Exercise details:
Images should be left out, and everything else in the listing reproduced exactly.

Dataset content:
##############################

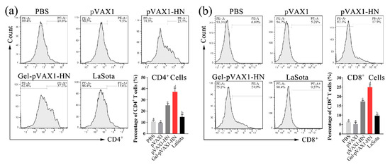 The concentrations of IL-2, IL-4, and IFN-γ were determined in serum collected at different times after immunization. Meanwhile, the peripheral blood lymphocytes were isolated and cultured to determine the proliferation activity. As shown in Figure 5a–c, the secretion of IL-2, IL-4, and IFN-γ was significantly promoted and maintained at high levels for a long time. The proliferation activity of lymphocytes was significantly higher than that of the naked plasmid group as well as the commercial vaccine group (p < 0.05). To further measure the cellular immune levels of the immunized chickens, the percentages of CD4+ and CD8+ T cells in the peripheral blood lymphocytes were determined. The flow cytometry results showed that the percentage of CD4+ and CD8+ T cells in the Gel-pVAX1-HN group at the third week were significantly higher than in the other groups (Figure 6a,b). These results suggest that the NDV DNA hydrogel vaccine induced a strong cellular immunity and remained at a high level for a period of time.
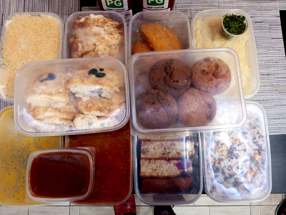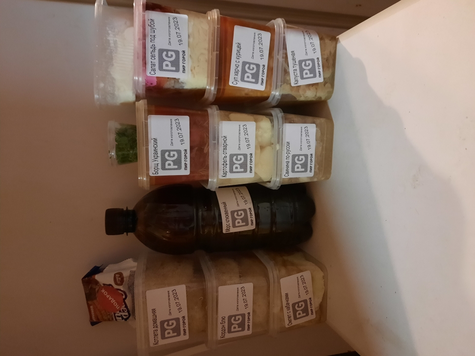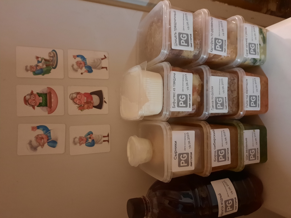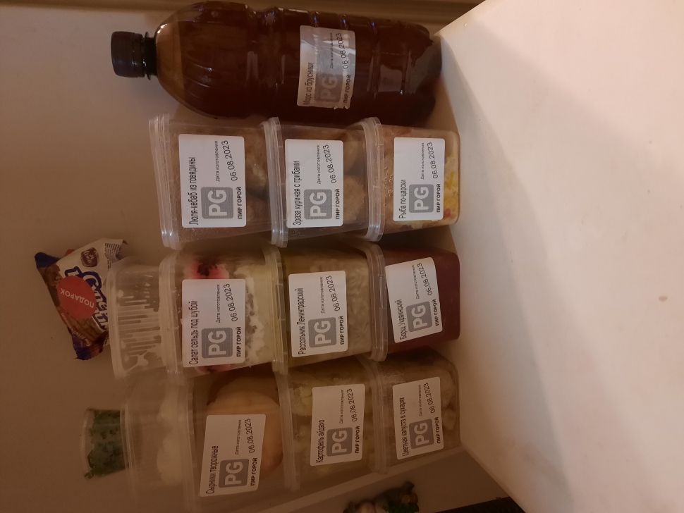 Здравствуйте, в наборе были: 1) оладьи 2) суп фасолевый с колбасками 3) борщ 4) люля-кебаб 5) свинина в кляре 6) жаркое по-домашнему 7) перловка 8) цветная капуста в кляре 9) салат витаминный из капусты из яблок. Больше всего понравился суп фасолевый с колбасками - наваристый, пряный, густой, сытный за счёт фасоли. Другие блюда тоже радовали нас каждый день домашним вкусом. Облегчают ведение быта. Все блюда можно без сомнений брать, только цветная капуста на любителя, я ее дополнительно поджаривала на сильном огне до корочки.
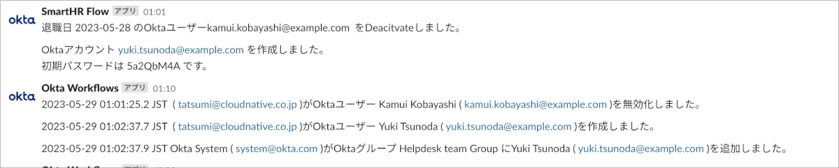Slack通知の01:10でユーザーが作成と同時にOktaグループ Helpdesk team Groupに追加されていることも確認できます。
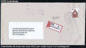 1203 | 14 € | POSTLEITRAUM 6100 (OHNE DARMSTADT) : 64347 GRIESHEIM,HESS 1/ c 1995 (10.2.) 1K-Segment auf EF 450 Pf. Bauwerke + Selbstklebe-R-Zettel: 64347 Griesheim 1/a = letzter deutscher R-Zettel mit Ortsangabe! , klar gest. Fern-R-Bf. (Mi.1623 EF + 10.- EUR) | ![]() | |

##############################

Answer to this task:
 The concentrations of IL-2, IL-4, and IFN-γ were determined in serum collected at different times after immunization. Meanwhile, the peripheral blood lymphocytes were isolated and cultured to determine the proliferation activity. As shown in Figure 5a–c, the secretion of IL-2, IL-4, and IFN-γ was significantly promoted and maintained at high levels for a long time. The proliferation activity of lymphocytes was significantly higher than that of the naked plasmid group as well as the commercial vaccine group (p < 0.05). To further measure the cellular immune levels of the immunized chickens, the percentages of CD4+ and CD8+ T cells in the peripheral blood lymphocytes were determined. The flow cytometry results showed that the percentage of CD4+ and CD8+ T cells in the Gel-pVAX1-HN group at the third week were significantly higher than in the other groups (Figure 6a,b). These results suggest that the NDV DNA hydrogel vaccine induced a strong cellular immunity and remained at a high level for a period of time.
 Здравствуйте, в наборе были: 1) оладьи 2) суп фасолевый с колбасками 3) борщ 4) люля-кебаб 5) свинина в кляре 6) жаркое по-домашнему 7) перловка 8) цветная капуста в кляре 9) салат витаминный из капусты из яблок. Больше всего понравился суп фасолевый с колбасками - наваристый, пряный, густой, сытный за счёт фасоли. Другие блюда тоже радовали нас каждый день домашним вкусом. Облегчают ведение быта. Все блюда можно без сомнений брать, только цветная капуста на любителя, я ее дополнительно поджаривала на сильном огне до корочки.
Slack通知の01:10でユーザーが作成と同時にOktaグループ Helpdesk team Groupに追加されていることも確認できます。
 1203 | 14 € | POSTLEITRAUM 6100 (OHNE DARMSTADT) : 64347 GRIESHEIM,HESS 1/ c 1995 (10.2.) 1K-Segment auf EF 450 Pf. Bauwerke + Selbstklebe-R-Zettel: 64347 Griesheim 1/a = letzter deutscher R-Zettel mit Ortsangabe! , klar gest. Fern-R-Bf. (Mi.1623 EF + 10.- EUR) | ![]() | |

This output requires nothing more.